## ABOUT THIS TASK
Below are the records. Retype exactly the lines between the lines holding "A Tocata do" and "стало можливим записувати", inclusive.

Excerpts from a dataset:
<<<<

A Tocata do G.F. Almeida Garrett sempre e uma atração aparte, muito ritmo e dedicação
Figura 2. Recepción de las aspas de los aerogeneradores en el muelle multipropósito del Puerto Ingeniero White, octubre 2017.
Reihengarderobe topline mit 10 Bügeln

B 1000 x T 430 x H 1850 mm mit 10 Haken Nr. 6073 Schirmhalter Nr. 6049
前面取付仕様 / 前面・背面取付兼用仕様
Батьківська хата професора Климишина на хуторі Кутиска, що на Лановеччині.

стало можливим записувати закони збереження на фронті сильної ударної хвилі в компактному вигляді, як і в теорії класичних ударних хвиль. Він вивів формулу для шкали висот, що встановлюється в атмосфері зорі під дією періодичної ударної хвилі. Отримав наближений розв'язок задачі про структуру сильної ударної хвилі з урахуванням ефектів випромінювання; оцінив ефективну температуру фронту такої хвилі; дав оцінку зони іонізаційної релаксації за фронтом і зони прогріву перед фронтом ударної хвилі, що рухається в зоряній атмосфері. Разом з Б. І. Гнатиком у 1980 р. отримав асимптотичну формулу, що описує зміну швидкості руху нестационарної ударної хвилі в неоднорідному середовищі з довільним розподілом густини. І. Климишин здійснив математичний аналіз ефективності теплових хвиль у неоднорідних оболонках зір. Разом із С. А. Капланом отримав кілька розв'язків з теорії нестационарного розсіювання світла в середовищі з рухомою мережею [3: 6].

>>>>
<<<<

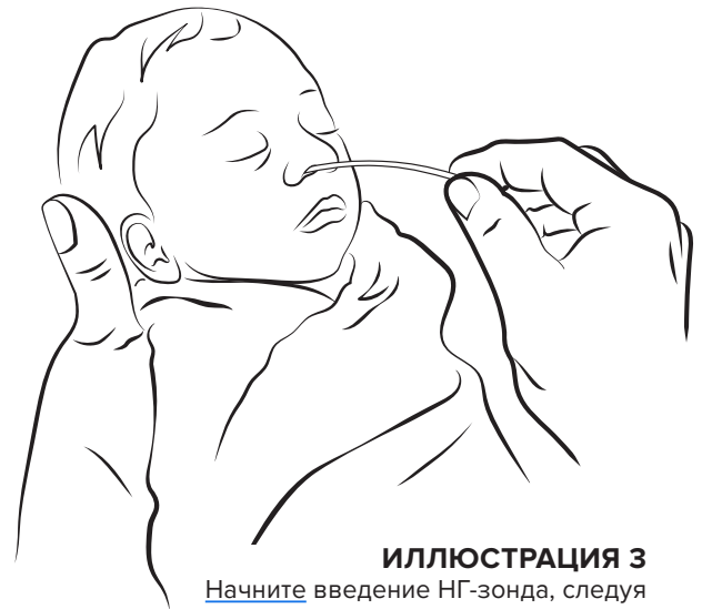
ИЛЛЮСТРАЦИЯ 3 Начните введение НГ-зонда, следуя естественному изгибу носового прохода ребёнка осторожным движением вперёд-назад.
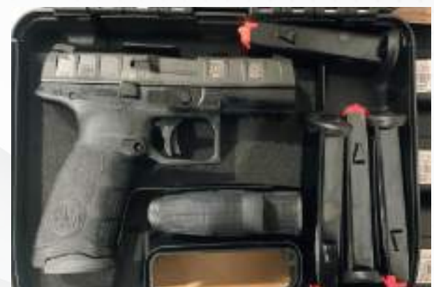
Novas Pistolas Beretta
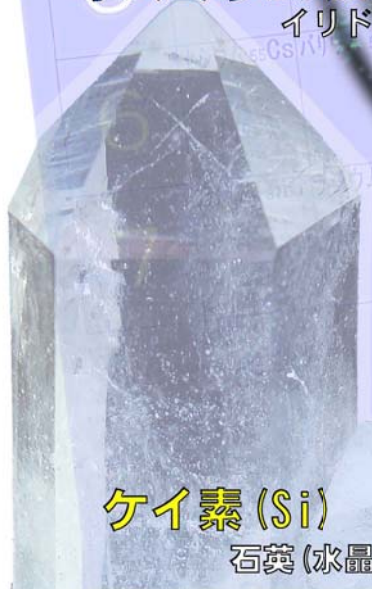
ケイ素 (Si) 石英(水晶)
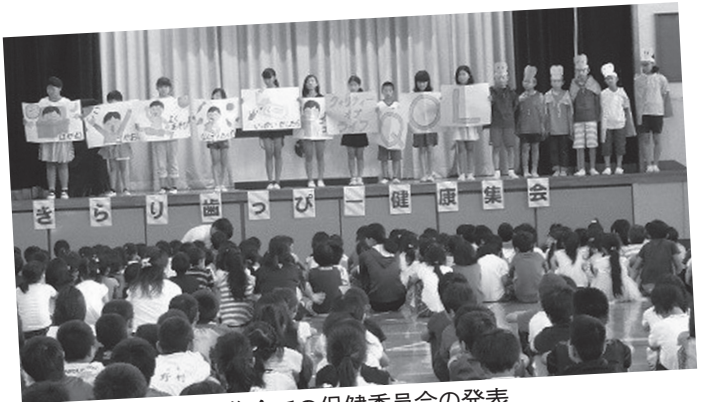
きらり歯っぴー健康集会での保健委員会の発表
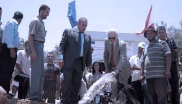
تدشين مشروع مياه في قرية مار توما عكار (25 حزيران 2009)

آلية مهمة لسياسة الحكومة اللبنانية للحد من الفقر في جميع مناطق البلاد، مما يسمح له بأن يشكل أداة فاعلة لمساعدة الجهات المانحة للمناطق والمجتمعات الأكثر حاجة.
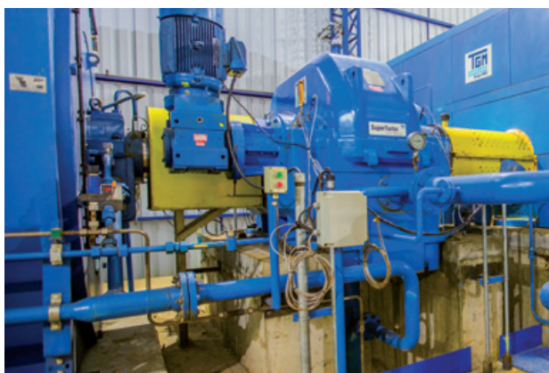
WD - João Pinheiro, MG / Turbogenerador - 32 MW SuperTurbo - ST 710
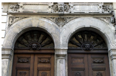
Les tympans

>>>>

## WRITTEN REPLY
A Tocata do G.F. Almeida Garrett sempre e uma atração aparte, muito ritmo e dedicação
Figura 2. Recepción de las aspas de los aerogeneradores en el muelle multipropósito del Puerto Ingeniero White, octubre 2017.
Reihengarderobe topline mit 10 Bügeln

B 1000 x T 430 x H 1850 mm mit 10 Haken Nr. 6073 Schirmhalter Nr. 6049
前面取付仕様 / 前面・背面取付兼用仕様
Батьківська хата професора Климишина на хуторі Кутиска, що на Лановеччині.

стало можливим записувати закони збереження на фронті сильної ударної хвилі в компактному вигляді, як і в теорії класичних ударних хвиль. Він вивів формулу для шкали висот, що встановлюється в атмосфері зорі під дією періодичної ударної хвилі. Отримав наближений розв'язок задачі про структуру сильної ударної хвилі з урахуванням ефектів випромінювання; оцінив ефективну температуру фронту такої хвилі; дав оцінку зони іонізаційної релаксації за фронтом і зони прогріву перед фронтом ударної хвилі, що рухається в зоряній атмосфері. Разом з Б. І. Гнатиком у 1980 р. отримав асимптотичну формулу, що описує зміну швидкості руху нестационарної ударної хвилі в неоднорідному середовищі з довільним розподілом густини. І. Климишин здійснив математичний аналіз ефективності теплових хвиль у неоднорідних оболонках зір. Разом із С. А. Капланом отримав кілька розв'язків з теорії нестационарного розсіювання світла в середовищі з рухомою мережею [3: 6].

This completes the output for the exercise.